When I have checkups for my heart and grow aware of my scar again, I think to myself, “That heart looks beautiful." My scar is a part of my past and all scars have a story. I’ll be honest, there’s a sad, reflective moment one day of the year when I think about all the kids like who have HHS who didn’t make it…and for a while I felt guilt when it hit me. It’s on my birthday as I dress, as I look in the mirror at the scar I used to hate, the life I showed disdain for at times in an earlier part, and I think of everything I’ve been given and have and will do. I think of the ones who also get that chance and pray they’re living life to the fullest in all facets. For the ones who didn’t make it, a part of me feels like I also have to live for them, for their memory. It’s part of why I ask myself at the end of any given day: what have I accomplished today? If it’s nothing: I do something. Why? Because there's air in my lungs.

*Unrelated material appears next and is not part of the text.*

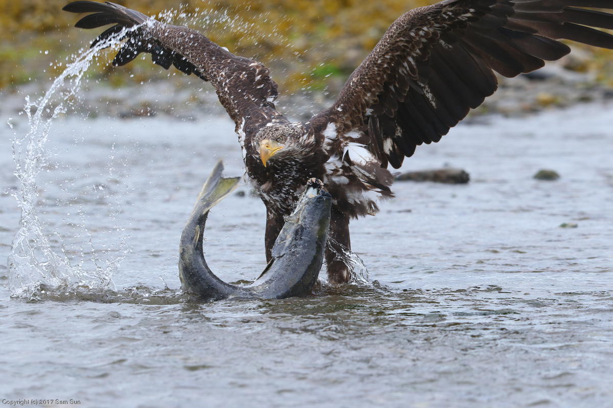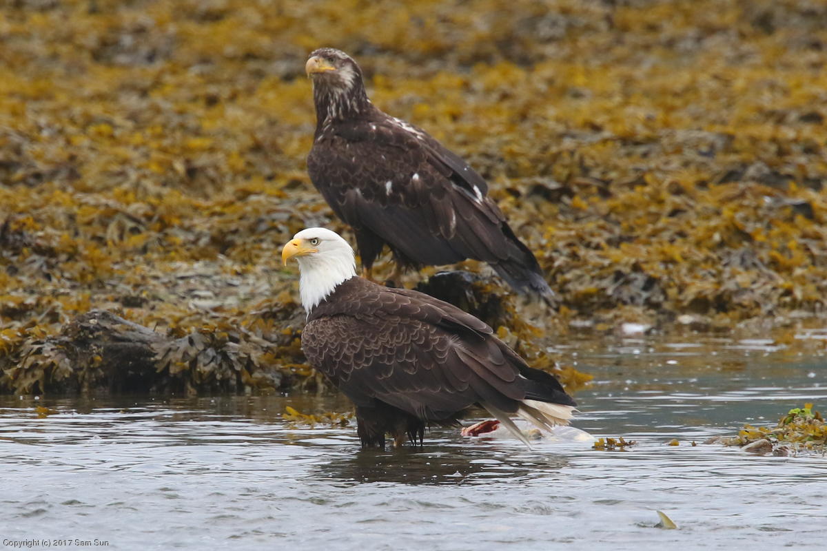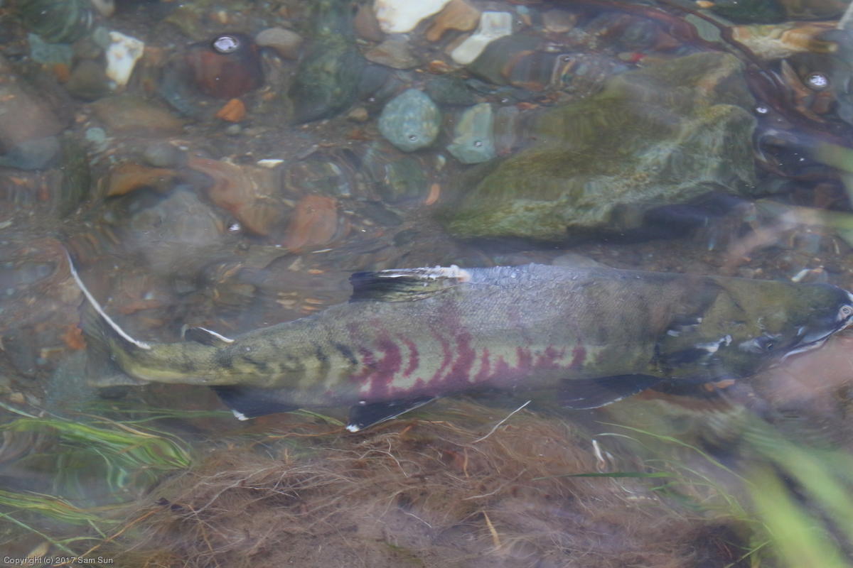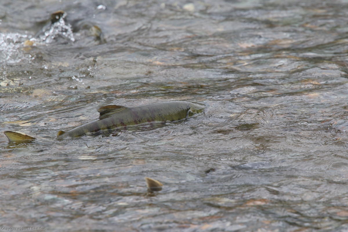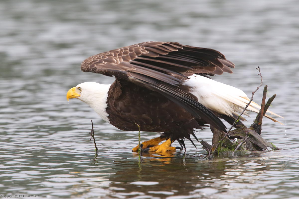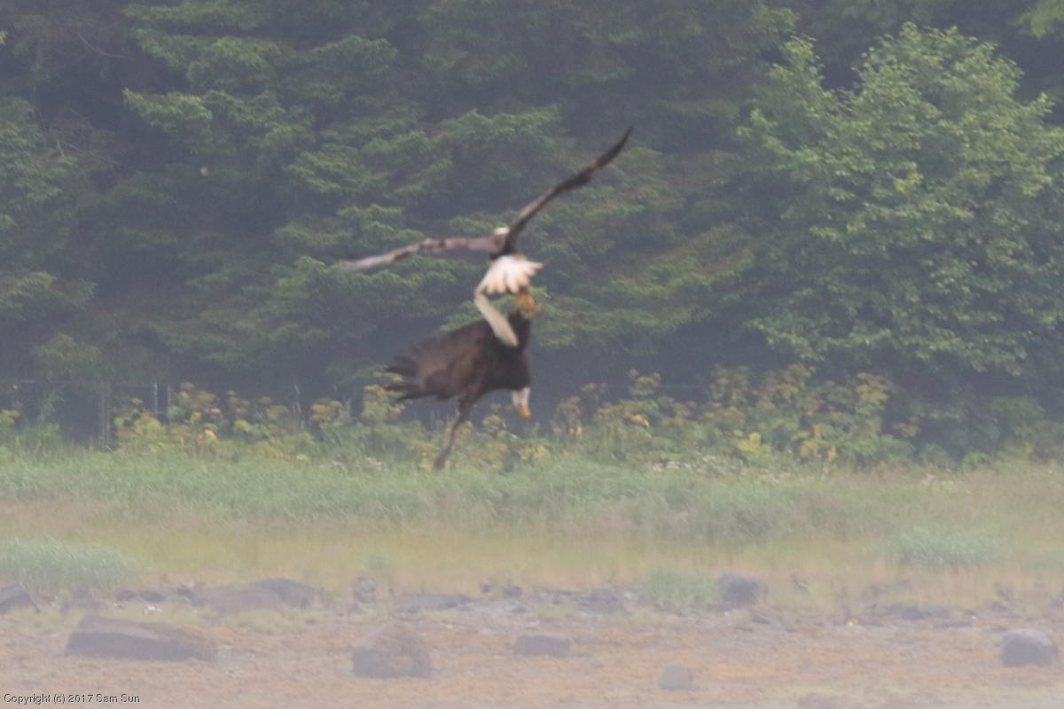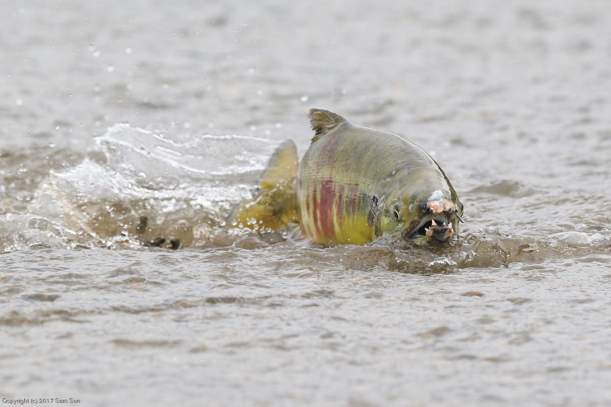 On the way back into town, I found the even more aptly named Salmon Creek. There were a tremendous number of salmon, eagles, and gulls gathered. A 15.9 foot high tide at 9:23p was coming in, which was driving the birds off.

This year, I’ll turn twenty years old. I’m in college with a variety of dreams for my future, but as long as I get to help people in some capacity or another, I’ll feel happy with what I’ve done. I've helped coach a football team as a junior in high school. I was an ASB leader my senior year of high school at High Tech High. My heart has raced around a girl I liked. It raced when I told her I liked her, and asked her on a date and my heart raced when I was up on stage, rapping my lungs out to the song “V. 3005” by Childish Gambino from his newest album, Because the Internet. All these heart-pounding moments have one thing in common: they’re my life. I don’t think about my scar, my heart or anything I’ve ever had to overcome. I just live. Living is the greatest treasure I’ve received.
I’d like to say this to kids with HHS: you have survived one of the toughest surgeries for any human being. Be proud of your scar and your story. Love yourself, even in the hardest of times. The people who say bad things about your scars are insecure and probably wish that had a scar as awesome as yours too. To the parents: you are amazing and I truthfully hope and pray for your kids to make it through and live fulfilling lives thanks in part to you and your tenacity. My parents moved across the country for me to be with the best doctors they could get. I wasn’t going to write this article. I didn’t want to when my editor asked me about writing it because I didn’t want to cry. Though, right before I told her, “I’m sorry, I don’t want to write this article because that’s in my past now and I don’t like talking about it,” I thought to myself: do it for the kids who deserve to know it gets better, that there’s so much to do in life, that there's people to meet and love, experiences you couldn’t even dream of, passions that make you giddy, decisions that scare you afterwards, friends to watch sunsets with, and everything in between. Do I have hard days? Yes. Do I have days where I’ve just wanted to give up? Absolutely. Then I think to myself: I’ve survived tougher. This one, this article, is for my fellow heart babies!